Serdar Sayan *Korea Herald
August 20, 2002
Anti-globalization campaigners gripe that the rich are getting richer. That's true in many ways. But rich countries are also getting older. This "graying" of the world's richest nations will profoundly affect not only these societies, but poorer countries as well.
According to the U.N., the world's population now stands at 6.3 billion and will reach 9.3 billion by mid-century. People aged 60 or more are projected to increase from 629 million now to nearly 2 billion by 2050. Furthermore, the elderly population itself is aging. The 80-plus age group makes up the fastest-growing segment of the population; its share of the over-60 population will increase from 12 percent to 19 percent by 2050. This "graying of the world" is a natural result of falling fertility rates and rising life expectancy. While the decline in fertility is global, its speed varies across countries. Rich countries in Europe, North America and East Asia have a sharply higher share of the elderly than developing countries. Fertility reductions in the richer parts of the world have already brought population growth rates close to zero. Furthermore, due to improved access to quality health care and better living conditions, life spans in rich countries are now much longer than in the developing world. People aged 60 or more represent almost 20 percent of the population in rich countries today, whereas in the world as a whole this ratio is not expected to be reached before 2050. By that point, this age group in industrial countries will claim one-third of the total population. It will take another century for the rest of the world to catch up.
One result of all this is that the relative number of working-age individuals between 15-64 who pay the taxes to support pensioners is declining much faster in the industrial world than in developing countries, where populations remain young and grow rapidly. Rich economies are already challenged by this decline, and so are scrambling to meet the insatiable demands of public pension and health care systems, which causes their fiscal balances to deteriorate.
The effects of population aging will become even more obvious and widespread in the decades ahead, as domestic labor supply in rich countries shrinks even further. Moreover, because the elderly tend to spend more and save less, rich countries will also face changes in the ratio of savings to consumption in their national income, as well as in the composition of what is purchased. These demographically induced developments will not only affect investment and growth patterns of industrial economies, but the allocation of resources as well. In a globalized world, what happens in rich countries has an impact on developing economies. Yet, there is little discussion of the opportunities and challenges this presents.
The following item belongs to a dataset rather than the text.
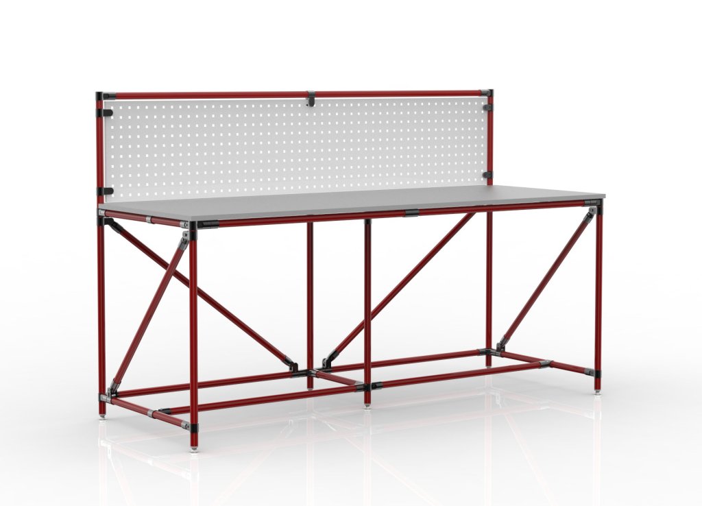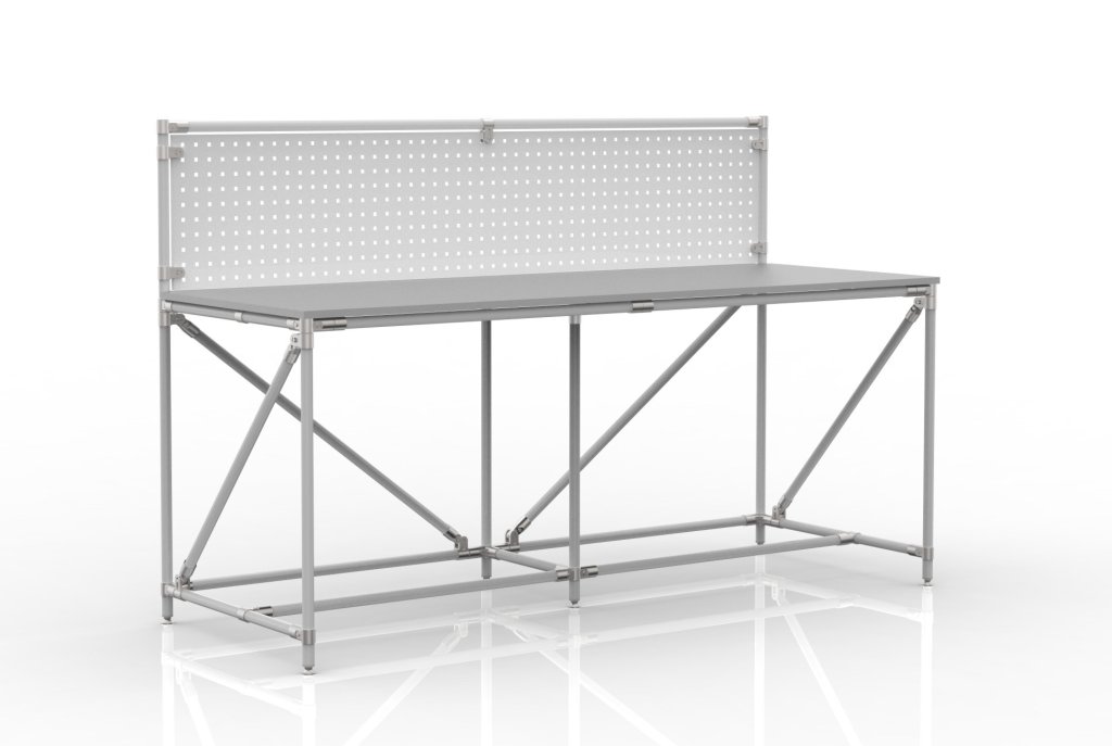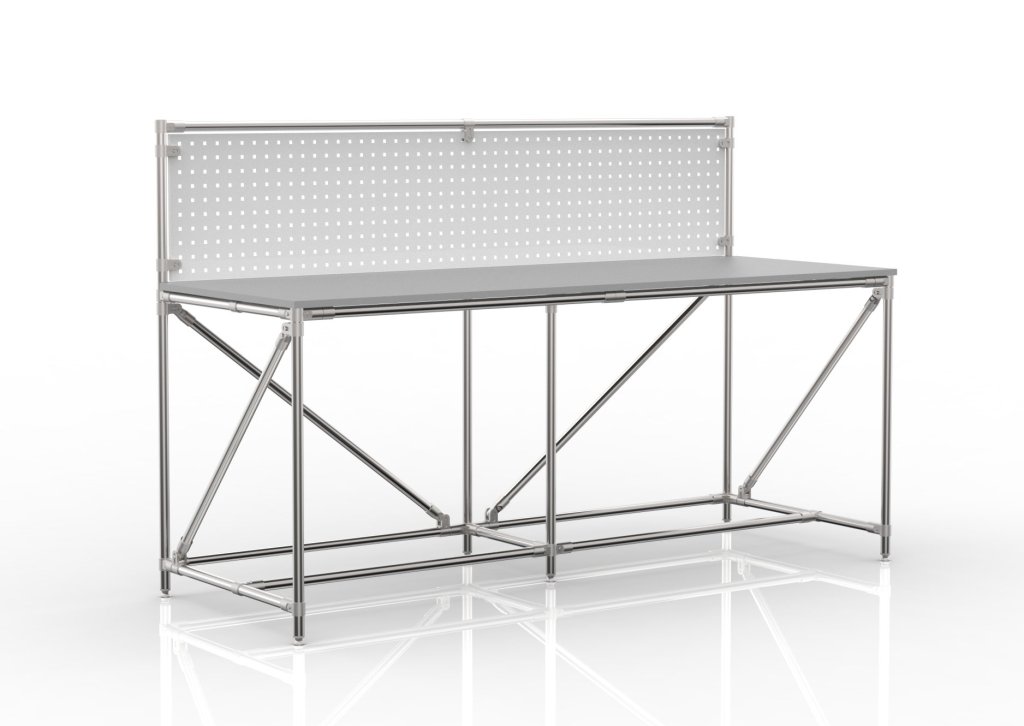 Werkbank aus einem Rohrbausatzsystem mit einem Perfopanel. Enthalten sind eine doppelseitig laminierte Spanplatte mit einer Dicke von 18 mm, ein Perfopanel zur Aufbewahrung von Werkzeugen oder Boxen und vier höhenverstellbare Füße. Tragfähigkeit bei gleichmäßiger Lastverteilung 100 kg. Maße 1282 x 2000 x 750 mm.

Nowadays, most talk focuses on migration as a means of letting overpopulated developing countries fill the labor shortages of developed countries with graying populations. Japan's population, for example, is projected to decline by 17.9 million by 2050, while the share of its 60+ population will climb to 42 percent, and the share of its 80+ population will exceed 10 percent. The number of working-age Japanese will thus fall sharply, bringing the ratio of workers to retirees to about one. Estimates suggest that Japan would need 10 million immigrants per year until 2050 just to maintain the ratio of workers to pensioners that it had in 1995! Will developed countries really allow for migration on such a scale? Or will they instead increase their imports of manufactured products and food, thus creating jobs in developing countries that might help absorb their surplus labor? Even if rich countries choose increased imports, the growing volume of trade will merely expand an existing channel for routing the effects of an aging population onto developing countries. Trade serves as such a channel because nations with aging populations are economically powerful and so are capable of setting the terms on which they trade with poorer countries. Developing countries that trade intensively with advanced economies must adopt their relative prices and allocate their resources accordingly. But these relative prices will increasingly reflect the changed demands of the aging citizenry of industrial nations.
International capital flows will also magnify such demographic spillover effects, as capital is traded at the interest rates determined in large industrial economies. These rates will increasingly be influenced by the changing age composition within advanced countries.Because the old save less, lower aggregate savings in rich countries will crimp the relative abundance of capital available to poorer economies.
The powerful combination of globalization and aging will make developing economies ever more susceptible to changes in the terms of trade, interest rates, and exchange rates in rich countries. All developing countries should monitor these demographic developments closely, even if they have yet to experience population aging themselves. Young nations such as Mexico and Turkey should be particularly careful, due to their strong economic ties with NAFTA and the EU, where the gradual aging of populations is well under way.